Miasto, które nigdy nie śpi...
Wampir
-Rób jak chcesz. - rzuciła, bo cóż jeszcze mogła powiedzieć? Miała go błagać, aby został? Nie, no trochę godności, no, ale na jej twarzy była bardzo widoczny smutek.
Offline
Wampir
-To się wkopałem...-powiedział pod nosem skrzywiony.
-Kurde...
Offline
Wampir
Położyła się na łóżku, unikając wzroku Chris'a. Nie do końca wiedziała co ma o tym myśleć, co zrobić...
Offline
Wampir
Myślał intensywnie, ale nie mógł nic wymyśleć.
One doprowadzą mnie do szaleństwa...
-Nikki...-zaczął.
-Bo...-co chwila przerywał.
-Każda laska, jaką miałem nic dla mnie nie znaczyła, a teraz? Wszystko się spierdoliło. -skrzywił się.
-Nie wiem, co mam zrobić...Kurde...Zostawię was, będzie źle, wybiorę jedną - jeszcze gorzej.
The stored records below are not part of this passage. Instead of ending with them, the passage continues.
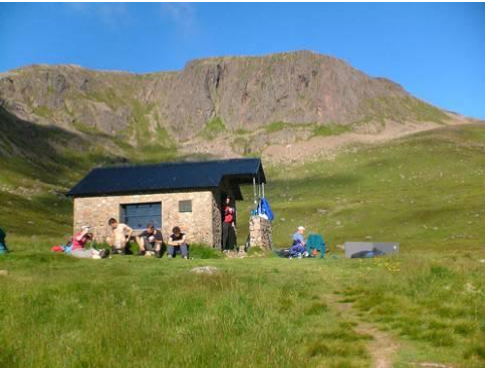
Figure-2 Hutchison Memorial Hut
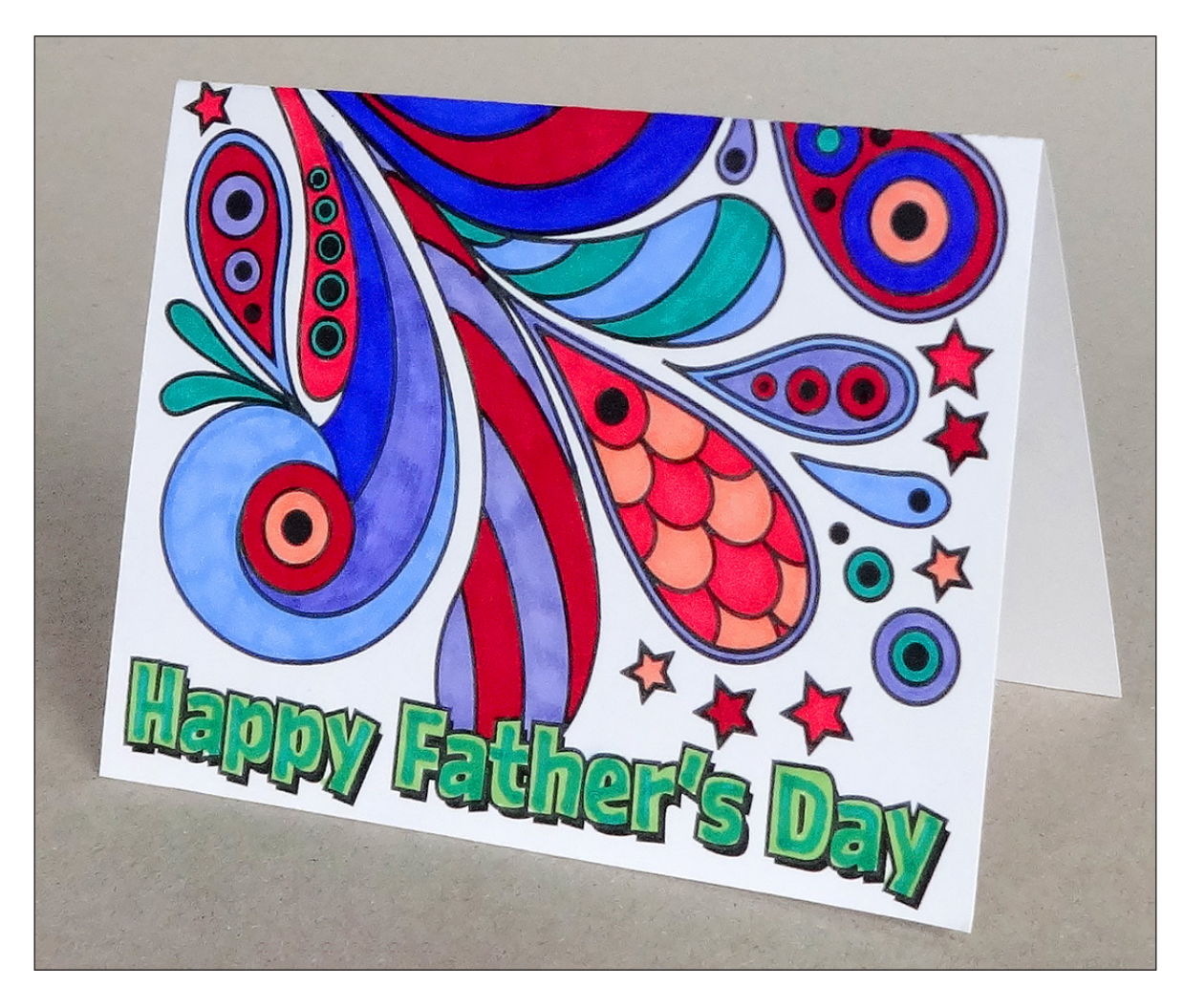
Dad's Day Doodle Card
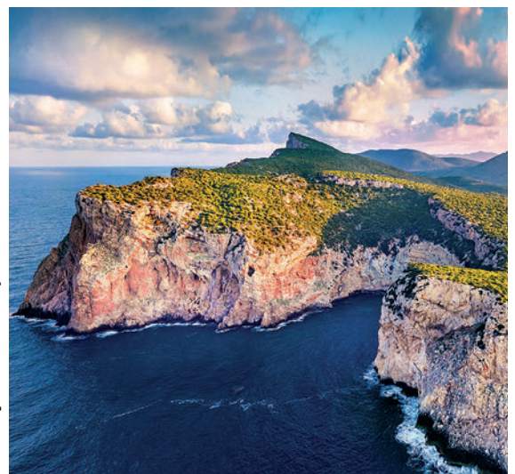
Island of Sardinia, Italy
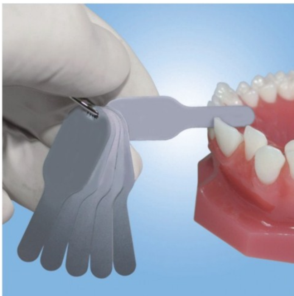
NK-333-C IPR (Interproximal reduction)

Gauge Set Used during Interproximal Reduction (IPR) to measure and confirm space.
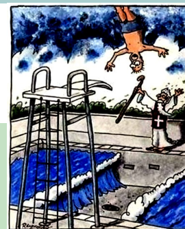
Moses' first and last day as a lifeguard.

We are exploring the Beatitudes, specifically, experiencing the blessing of being peacemakers
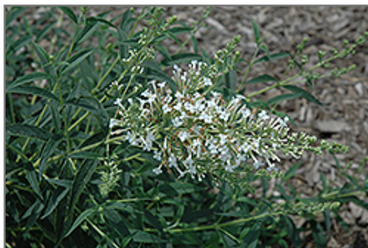
Flutterby Petite Snow White Butterfly Bush flowers
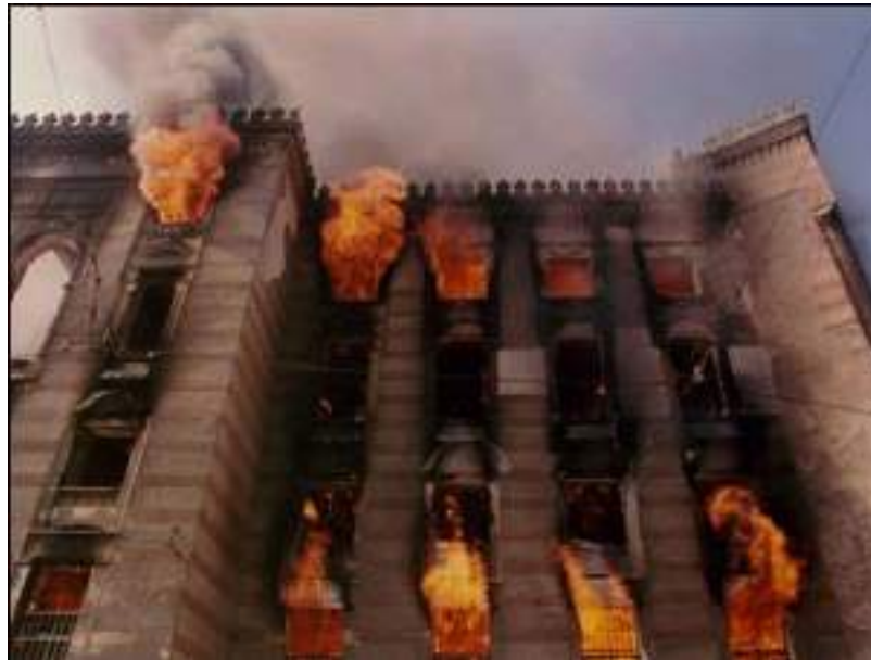
Sarajevo City Hall
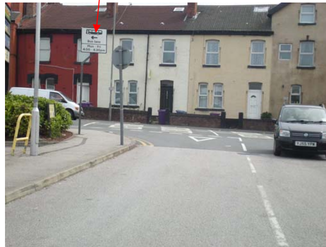
Bus Lane sign in Stoker Way (cul de sac), facing left turning traffic onto Rice Lane
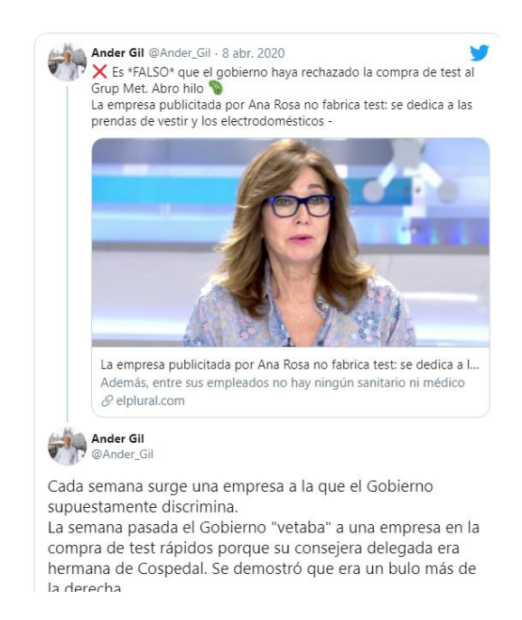
Figure 2: Fake News about the rejection of the test purchase

The Socialist Party also denounced in the Andalusian Parliament (See Figure 3) the alleged shortage of personal protective equipment (PPE) in the Puerta del Mar hospital in Cádiz, information that had been viralized through WhatsApp with invented data and that the National Police itself, in a statement sent to the media, had to deny and remind citizens "not to contribute to viralizing alarmist hoaxes."
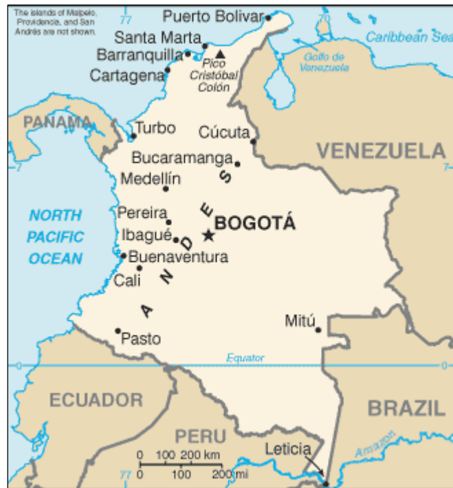
CIA World Factbook

country's Afro-Colombian minority, many of them concentrated in the Atlantic and Pacific coastal regions. UNDP's 2005 Human Development Report ranks Colombia 69th of 177 countries according to indicators of social and economic development. This ranking places Colombia in the "medium" human development group, behind countries (in order of descending rank) such as Argentina, Chile, Costa Rica, Cuba, Mexico, and Brazil but ahead of Venezuela, Peru, Ecuador, Paraguay, Nicaragua, and Haiti. The ranking suggests that Colombia has significant resources of its own that can be brought to bear on its own humanitarian crisis.
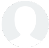
Chris Dallaire Realty
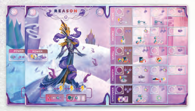
2 double-sided Balance Spirit boards
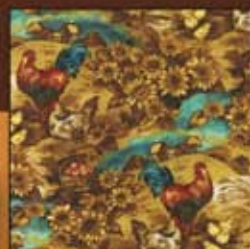
J7024 Buttercup #471
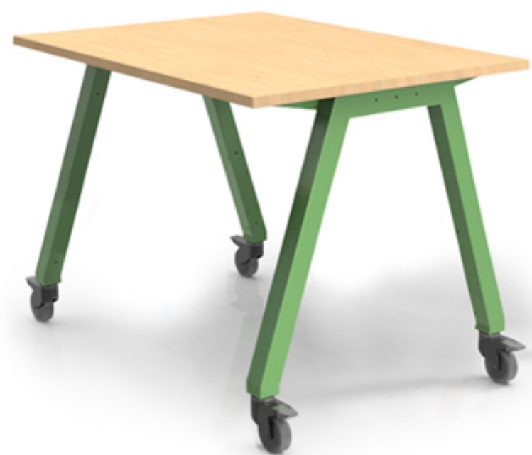
L BUTCHER BLOCK MAKER SPACE TABLE
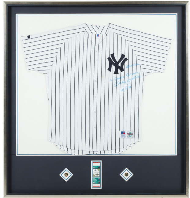
New York Yankees jersey, signed and inscribed by Mickey Mantle in 1993 and presented to the Toronto Blue Jays in appreciation for the team inviting him to the World Series. (CAS$5,015)

This press release can be viewed online at: https://www.einpresswire.com/article/825851366
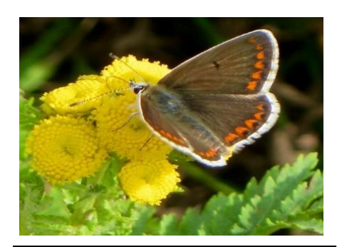
Brown Argos on The Hook in 2022

The 2 species that were new to us in 2022 were the Small Copper and the Brown Argos.
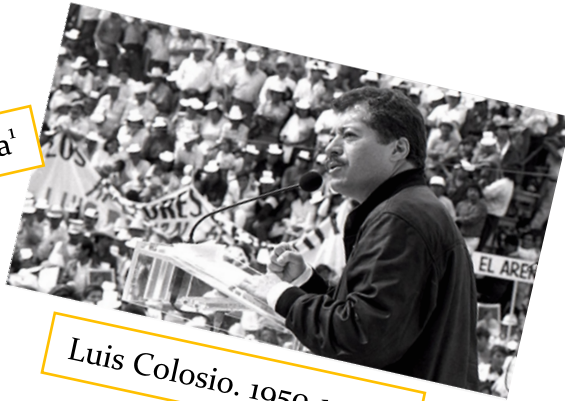
Luis Colosio. 1950-1994. 3
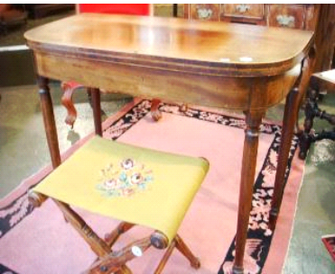
Lot # 142
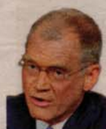
Letterman Bar area
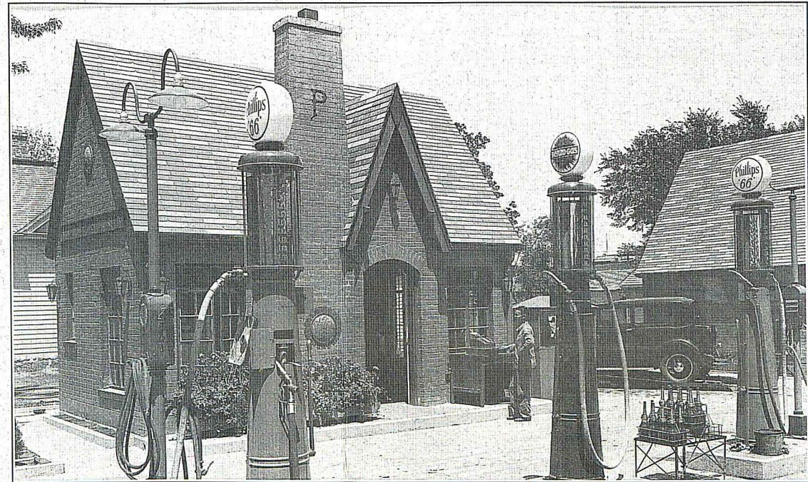
Your Friendly Neighborhood Gas Cottage

Pledges may also be returned to Iowa State or First National Banks in Creston.

Należało mi się.
Offline
Wampir
Podeszła do niego w wampirzym tempie i bardzo delikatnie dotknęła dłonią jego klatki piersiowej, tam gdzie było jego serce.
-Wybierz tą, która tam siedzi. - powiedziała cicho, spojrzała mu w oczy i uśmiechnęła się, blado.
Offline
Wampir
-Żeby to było takie proste. -mruknął. Spojrzał dziewczynie w oczy.
(HAHAHAHAHAHA! Nie no, padnę )
Offline
Wampir
Wolnym i szczerze mówiąc niechętnym krokiem odwróciła się od niego i z powrotem usiadła na łóżku.
aut. Heh, ja też
Offline
Wampir
(Ja padnę najszybciej xD hahahahahaha, jakie poważne rozmowy no nie mogę xD)
Offline
Wampir
-Ja już lepiej pójdę...Zanim jeszcze bardziej pomieszam.
Offline
Wampir
Spojrzała na niego i pokiwała głową, zachowując pozory dobrego samopoczucia, dlatego też uśmiechnęła się, nikle.
Offline
Wampir
-Pa, Nikki. -rzucił do niej przyglądając jej się przez chwilę i zniknął jeszcze szybciej, niż się pojawił.
Offline
Wampir
Odprowadziła go wzorkiem, ale kiedy już zniknął sama wyszła z pokoju.